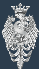
MARZAŁEK SENATU RZECZYPOSPOLITEJ POLSKIEJ STANISŁAW KARCZEWSKI
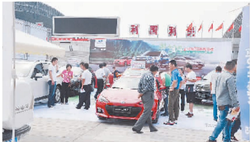
汽车展厅人头攒动
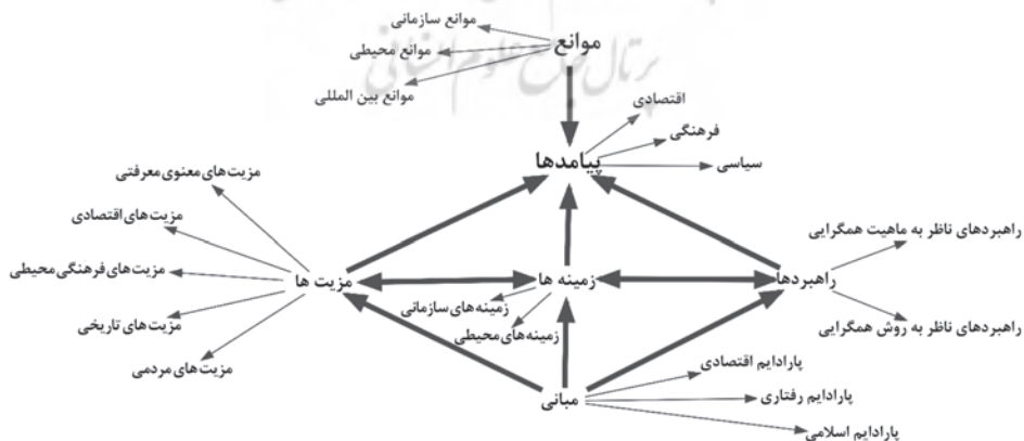
شکل ۳. ارتباط بین مضامین سازمان‌دهنده «همگرایی عتبات مقدسه»

بر اساس یافته‌های این پژوهش، با توجه به تحلیل مضمون اطلاعات جمع‌آوری شده می‌توان ۵۸ مضمون اولیه، ۱۸ مضمون پایه و ۶ مضمون اصلی و سازمان‌دهنده برای مضمون محوری و فراگیر «همگرایی عتبات مقدسه» شناسایی کرد. ۱۸ مضمون پایه و فرعی عبارتند از: «موانع سازمانی»، «موانع محیطی»، «موانع بین‌المللی»، «زمینه‌های سازمانی»، «زمینه‌های محیطی»، «راهبردهای ناظر به ماهیت همگرایی»، «راهبردهای ناظر به روش همگرایی»، «پارادایم اقتصادی»، «پارادایم رفتاری»، «پارادایم اسلامی»، «مزیت‌های معنوی-معرفتی»، «مزیت‌های اقتصادی»، «مزیت‌های فرهنگی-محیطی»، «مزیت‌های تاریخی» و «مزیت‌های مردمی». مضمون‌های اصلی و سازمان‌دهنده عبارتند از: «مزیت‌ها»، «مبانی»، «زمینه‌ها»، «موانع»، «پیامدها» و «راهبردها». با استفاده از نرم‌افزار Maxqda ارتباط بین مضامین سازمان‌دهنده را می‌توان در شکل ۳ نشان داد.
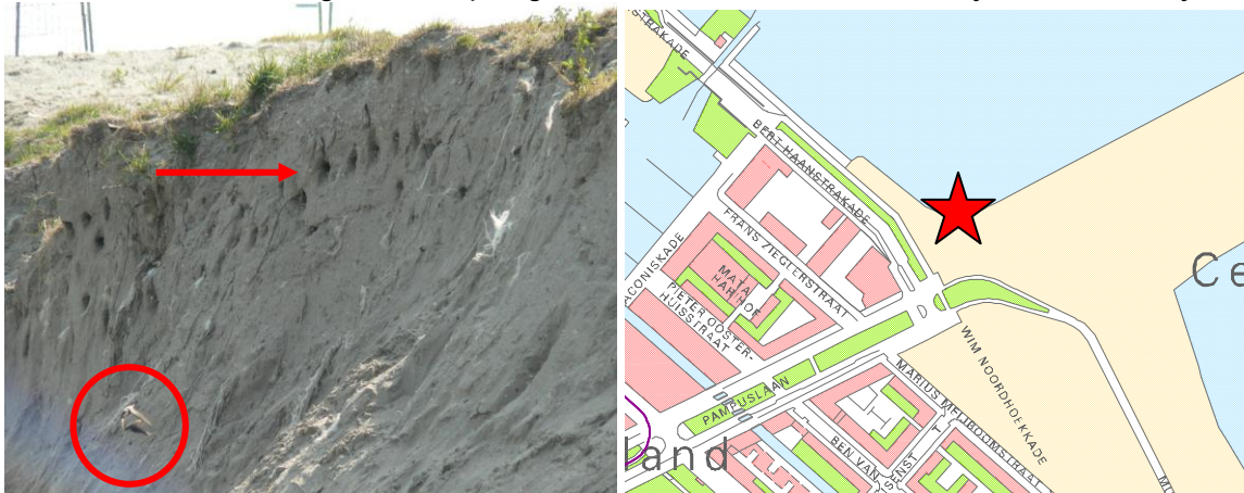
Oeverwaluwwand in gebruik ter hoogte van het surfstrand
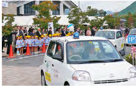
「セーフティーたんば号」出発 平成19年10月15日

市内全小中学校に配備された「セーフティーたんば号」の出発式が、山南住民センター前で開催されました。県警交通機動隊の白バイの先導に続き、32台が青色回転灯を灯しながらパレードへと出発しました。
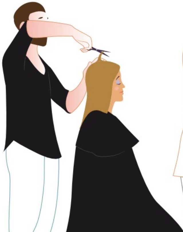
Ciseaux avec anneaux
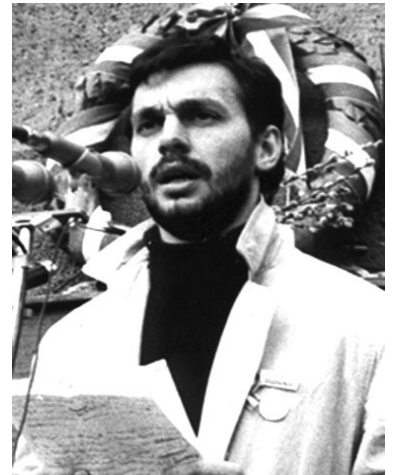
Orbán Viktor ünnepi beszédét mondja 1989. március 15-én.

Kiemelte ugyanakkor, hogy az ország felemelkedéséhez nem elég az új alkotmány, „a jól megépített hajótest”, „nagy teherbírású hajtóművekre” is szükség lesz. Kell hozzá a Széchenyi-terv, a Széll Kálmán Terv és az Országos Munkaterv is, ezek mindenkit visszahoznak a munka világába, akit csak lehet – sorolta, hozzátéve –, hogy ha sikerül leküzdeni az
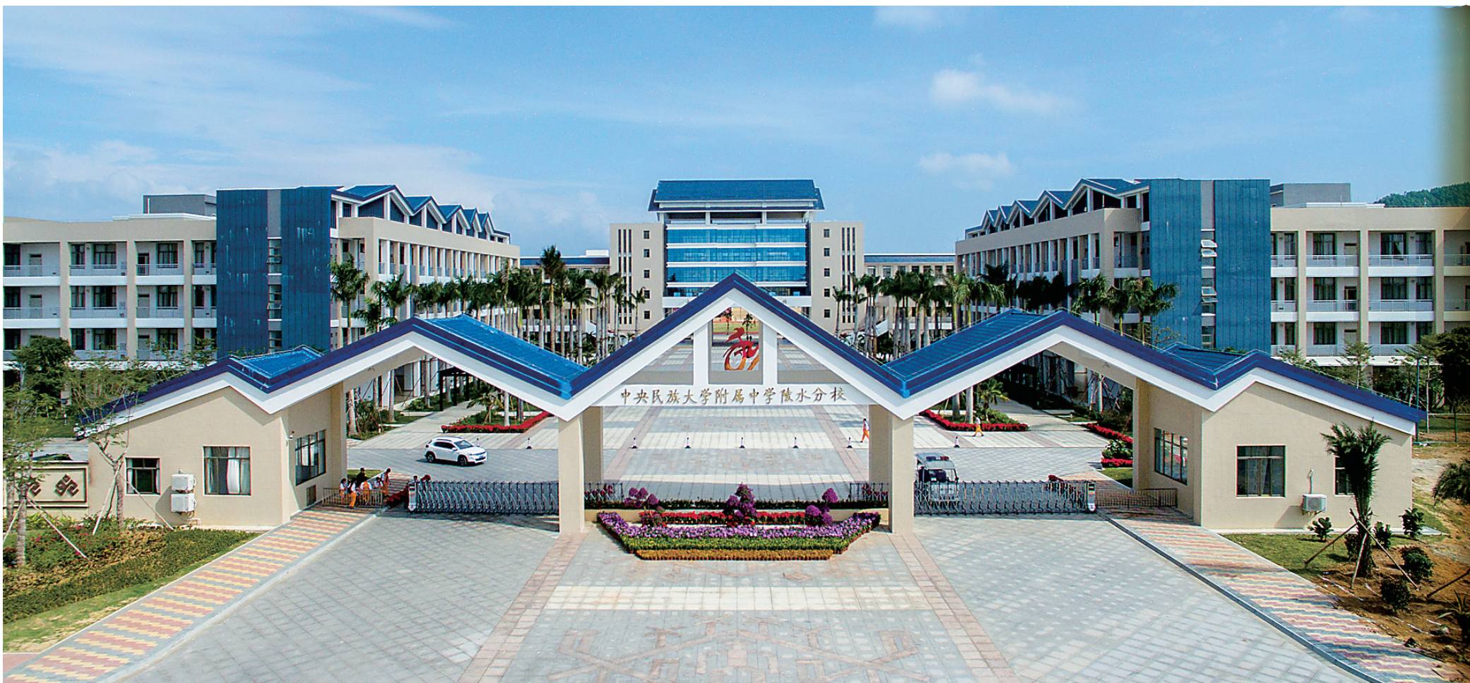
中央民族大学附属中学陵水分校。

谋民生之利,解民生之忧。“十三五”开局,陵水黎族自治县在扶贫、教育、医疗卫生、基础设施建设等领域不断突破,将群众最关心、最直接、最现实的问题摆在各项工作的首要位置,提高群众生活水平。珍珠海岸,随处可见百姓带着幸福的微笑。
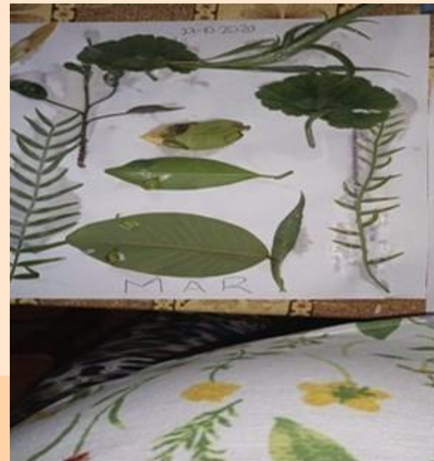
Evidencias de actividades
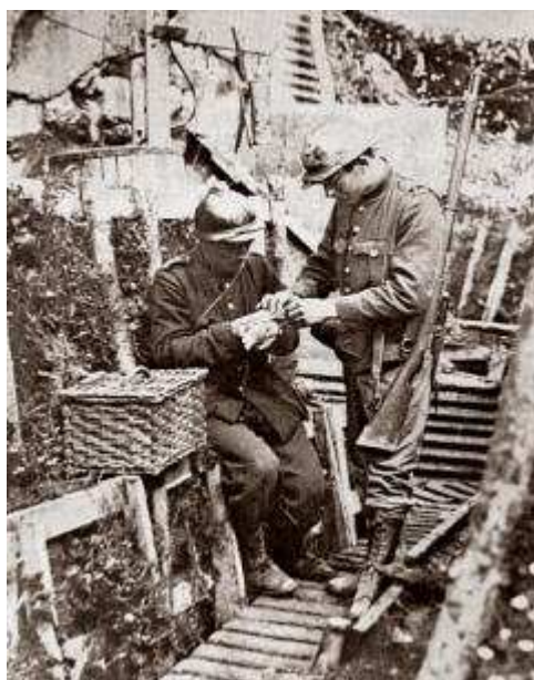
Duif wordt losgelaten in een Belgische loopgraaf

De hedendaagse postduif komt uit België. Uit verschillende kruisingen ontstond circa 1850 de Belgische "reisduif". De postduivensport heeft op de ontwikkeling van de vogel grote invloed gehad. Reeds in het begin van de 19e eeuw werden wedvluchten georganiseerd in Luik, Gent, Brussel en Antwerpen. Na 1850 is de postduif vanuit België geïntroduceerd in Noord Frankrijk, daarna in Nederland, Duitsland, Engeland etc. Rond 1900 is deze duif met de bijbehorende sport over vrijwel de gehele wereld verspreid. Ook voor militaire toepassingen is vanaf 1870 van deze Belgische duif gebruik gemaakt.
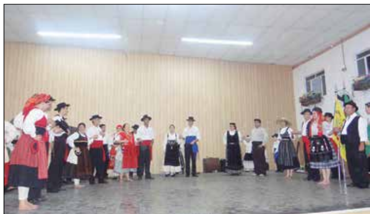
Exibição do grupo Adulto da Casa de Brunhosinho.
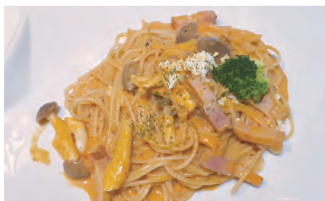
ベーコンとしめじの トマトクリームパスタ ¥1,100
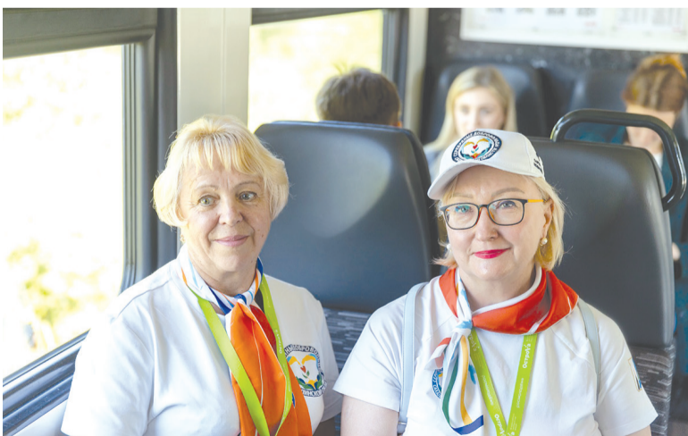
▶▶ В путь!
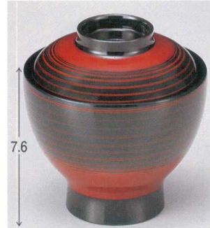
7-180-12 W-11-70 TM 大平小吸椀 溜筋目塗り分け ¥2,000 (9.5φ×9.8) 楕100 220cc
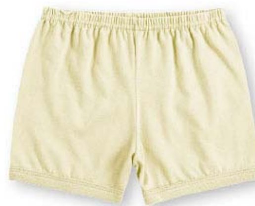
SHORT KIT COM 2 Ref. 13.13.0002 Malha: 100% Algodão
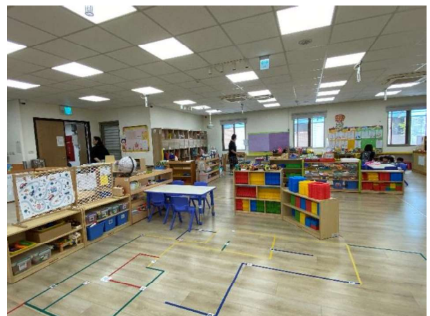
有機學習環境:學習區介紹~六大領域
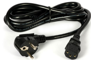
تصویر شماره ۴ - کابل برق
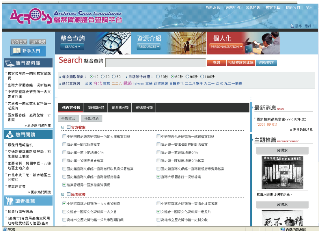
圖 1 ACROSS 首頁

為便捷使用者搜尋典藏於檔案館、圖書館及博物館等之檔案資源，檔案管理局(以下簡稱本局)於民國 98 年完成建置「檔案資源整合查詢平台」(Archives Cross boundaries, 簡稱 ACROSS, 網址 http://across.archives.gov.tw ) (如圖 1), 將政府機關、民間團體處理業務產生之紀錄, 以及由家庭或個人產生之私人紀錄進行整合。初期先以政府機關典藏之文書、圖像及照片資料為主, 共 11 個機關 29 個資料庫, 後續逐步擴大至影音、樂譜及電子文獻等其他類型檔案。
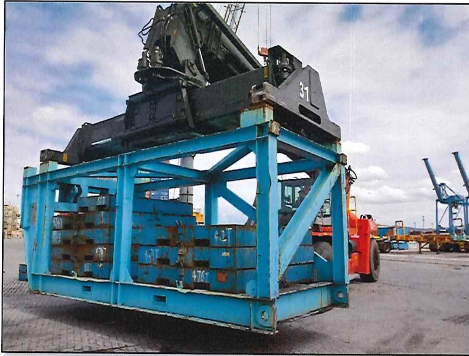
Figura 3. Teste de carga.
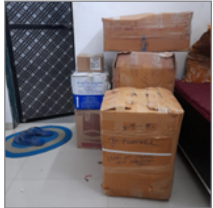
घेतले आहे व त्यांच्याकडून ३ लाख ४४ हजार ४५० रुपये किंमतीचे अॅपल कंपनीचे मोबाईल कव्हर, अॅपल कंपनीचे एअर पॉड, युएसबी केबल, मेघासेफ चार्जर, एअरपॉट केस इत्यादी ऐवज ताब्यात घेवून त्यांच्या विरोधात कॉपीराईट अॅक्ट १९५७ कलम ५१, ६३ प्रमाणे कारवाई केली आहे.
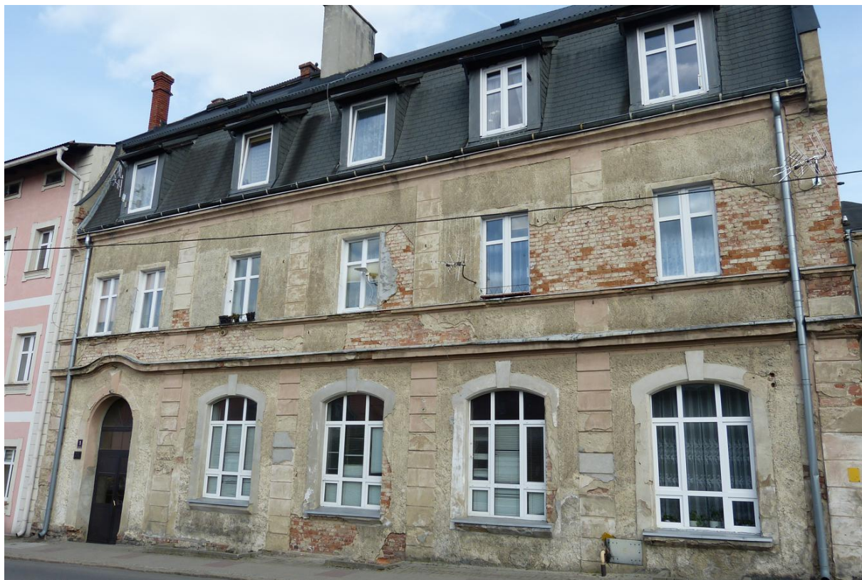
Fot. 1. Inwentaryzowany budynek.
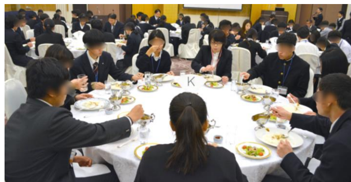
ホテルの美味しいカレーを頂きました。
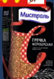
ГРЕЧКА «МИСТРАЛЬ» «Фермерская», 900 г
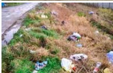
Sterty śmieci zalegały przy kontenerze na śmieci i przy torach wąskotorówki

większych opadach deszczu zbiera się tam woda, utrzymująca się nawet do kilku dni. (zz)
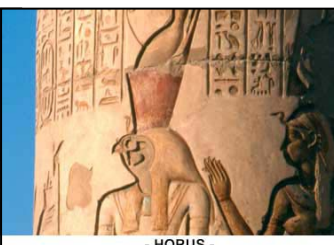
- HORUS -
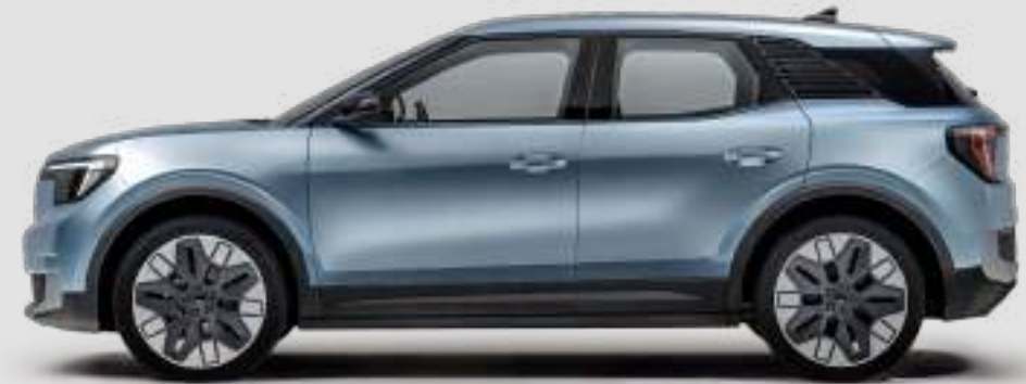
Długość całkowita: 4468 mm
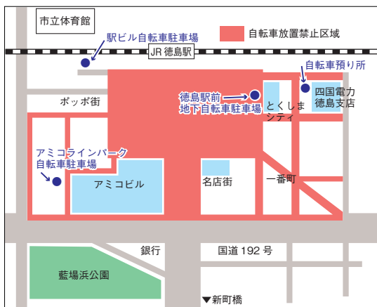
図1 自転車放置禁止区域

市は、昭和59年に「徳島市における自転車の放置の防止に関する条例」を施行し、徳島駅前周辺を「自転車放置禁止区域」と定め、放置自転車の整理(指導・撤去)にあたっています。
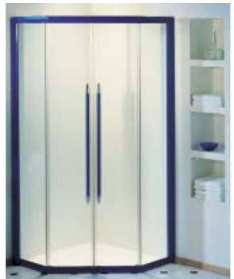
Gradlinigkeit und gespannte Flächen bestimmen die Optik von Lifeline

Als Allrounder im Badezimmer will sich die Duschkabine Lifeline von Artweger präsentieren. Harmonisches Design und eine zeit- und kostensparende Montage sollen die Verkaufsargumente darstellen. Geradlinigkeit und gespannte Flächen bestimmen die Optik von Lifeline. Durch gebrochene Kanten soll das Profil der Duschtrennwand elegant und leicht erscheinen. Der Griff der Lifeline wirkt durch ein minimalistisches Design und sorgt für Transparenz. Die innengeführte Tür beansprucht nach außen keinen Raum und soll das Auslaufen von Tropfwasser vermeiden. Direkt vor Ort kann bei der Montage entschieden werden, ob sich die Falttüre nach links oder rechts öffnen soll. Hierdurch vereinfacht sich der Bestellvorgang.

---------------

Exercise: Set the lines above down again, word for word, from the first through the one containing "شکل ۳. ارتباط"; pictures excluded.

Written answer:
MARZAŁEK SENATU RZECZYPOSPOLITEJ POLSKIEJ STANISŁAW KARCZEWSKI
汽车展厅人头攒动
شکل ۳. ارتباط بین مضامین سازمان‌دهنده «همگرایی عتبات مقدسه»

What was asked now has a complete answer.